To understand behavior for a specific service or a single trace, filter logs accordingly:

- **By service:** Run **ES|QL** or Elasticsearch search on log indices with `service.name == "<service_name>"` and time
  range to get application logs (errors, warnings, restarts) in the service context.
- **By trace ID:** When investigating a specific request, take the `trace.id` from the APM trace and filter logs by
  `trace.id == "<trace_id>"` (or equivalent field in your log schema). Logs with that trace ID show the full request
  path and help explain failures or latency.

## Guidelines

- Use **Observability APIs** ([SLOs API](https://www.elastic.co/docs/api/doc/kibana/group/endpoint-slo),
  [Alerting API](https://www.elastic.co/docs/api/doc/kibana/group/endpoint-alerting)) and **ES|QL** on
  `traces*apm*,traces*otel*`/`metrics*apm*,metrics*otel*` (8.11+ or Serverless), filtering by `service.name` (and
  `service.environment` when relevant). For active APM alerts, call
  `/api/alerting/rules/_find?search=apm&search_fields=tags&per_page=100&filter=alert.attributes.executionStatus.status:active`.
  When checking one service, evaluate both rule types: rules where `params.serviceName` matches the target service, and
  rules where `params.serviceName` is absent (all-services rules). Treat either as applicable to the service before
  declaring health. Do not query `.alerts*` indices when determining currently active alerts; use the Alerting API
  response above as the source of truth.

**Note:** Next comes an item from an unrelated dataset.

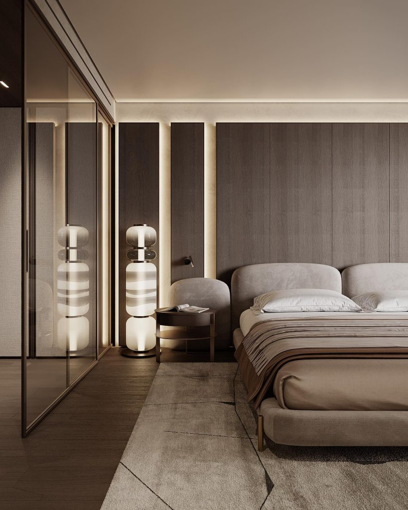 A bedroom that exudes contemporary zen features clean lines and uncluttered space. Vertical light panels add a tranquil ambiance, perfect for those seeking serenity amidst a busy life. This design provides a minimalist sanctuary for reflection and recharge, reflecting modern living with a focus on simplicity.

For APM correlations, run the **apm-correlations** script (see
  [APM Correlations script](#apm-correlations-script)); for dependency/service-map data, use ES|QL or Kibana repo route
  handlers. For Elasticsearch index and search behavior, see the **Elasticsearch** APIs in the Elasticsearch repo.
- Always use the **user's time range**; avoid assuming "last 1 hour" if the issue is historical.
- When SLOs exist, anchor the health summary to SLO status and burn rate; when they do not, rely on alerts, anomalies,
  throughput, latency, error rate, and dependencies.
- When analyzing **only application metrics ingested via OpenTelemetry**, use the ES|QL **TS** (time series) command for
  efficient metrics queries. The TS command is available in **Elasticsearch 9.3+** and is **always available** in
  Elastic Observability Serverless.
- Summary: one short health verdict plus bullet points for evidence and next steps.